**INFORMATION SUPPLIED**
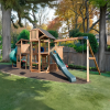 Cedar Wood Dual Tower Outdoor Playset with Slides, Swings, Bridge, and Climbing Features
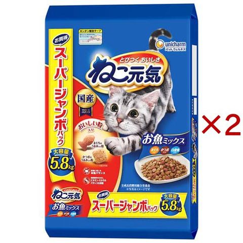 ねこ元気 お魚ミックス まぐろ・かつお・白身魚入り 猫ドライフード (5.8kg×2セット)
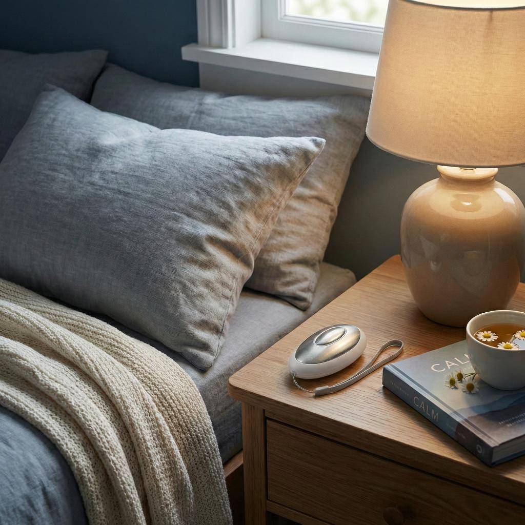 🧠 تقنية النبضات الدقيقة: يعمل على تحفيز نقاط عصبية محددة في اليد لإرسال إشارات استرخاء للدماغ، مما يهدئ التفكير المفرط فوراً.

**EXERCISE BRIEF**
The data above must be given back verbatim, minus its images.

**WRITTEN ANSWER**
 Cedar Wood Dual Tower Outdoor Playset with Slides, Swings, Bridge, and Climbing Features
 ねこ元気 お魚ミックス まぐろ・かつお・白身魚入り 猫ドライフード (5.8kg×2セット)
 🧠 تقنية النبضات الدقيقة: يعمل على تحفيز نقاط عصبية محددة في اليد لإرسال إشارات استرخاء للدماغ، مما يهدئ التفكير المفرط فوراً.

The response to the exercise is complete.